Methods: Cerebral ischemic stroke was induced in C57Bl6 mice by intraluminal transient 45 minute middle cerebral artery occlusion (MCAo, n=32) or after craniotomy using topical application of vasoconstrictor endothelin-1 (ET-1) (n=23). In controls, the intraluminal filament was immediately withdrawn (n=8) or a vehicle was applied after craniotomy (n=7). PET imaging of translocator protein (TSPO) using 18F-GE180 assessed brain and heart inflammation at 24h, 7d and 21d after stroke. Magnetic resonance imaging (MRI) at 1wk and 3 wk determined stroke size and cardiac function.
Results: MCAo mice exhibited more severe stroke-related behaviour than ET-1. Nonetheless, Stroke-induced cellular hypoxia could be macroscopically defined in the acute phase after MCAo and ET-1 by triphenyltetrazolium chloride staining. MRI in MCAo denoted a median stroke size of 36.86 (5-82 mm3) at wk1, which declined to 5.73 (2-22 mm3) at wk3. By contrast, ET-1 did not result in an MRI-discernible stroke area. In MCAo, neuroinflammation was identified in the stroke region relative to contralateral at 7d (%ID/gmax: 3.8±0.8 vs 2.5±0.3 for contralateral region, vs 2.6±0.8 for ipsilateral sham, p<0.001).

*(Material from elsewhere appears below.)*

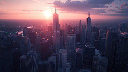 Aerial view of Chicago downtown skyline at sunset from high above.

This was associated with a persisting increase in cardiac TSPO signal (%ID/gmean 8.6±1.9 vs 6.8±1.2 for controls, p=0.036 at 24 hrs and 8.7±2.5 vs 5.6±0.8, p<0.001, at 3wk), and with a persisting decline in contractile function (% ejection fraction, 50±18 vs 63±5% for controls, p=0.078 at 1 wk and 55±6 vs 63±6%, p=0.013 at 3wk). Ipsilateral TSPO signal in the stroke region was proportional to the cardiac signal at 7d, suggesting systemic organ interaction following brain injury. Histopathology confirmed diffuse inflammatory cell infiltration in the heart early after cerebral stroke. ET-1, on the other hand, resulted in a localized higher 18F-GE180 signal in the cerebral cortex at the site of application relative to contralateral (4.3±1.0 vs 2.4±0.7, p<0.001), but was poorly distinguished from craniotomy alone (3.7±1.0, p=0.16), and did not show cardiac effects (% ejection fraction, 59±2 vs 60±3, p=0.78).
Conclusions: In contrast to topical ET-1 application after craniotomy, the intravascular MCAo model enables imaging studies of brain-heart networking after stroke, which evokes elevated TSPO PET signal in both brain and heart. The severity of cerebral ischemic damage may contribute to cardiac dysfunction via systemic inflammatory networking.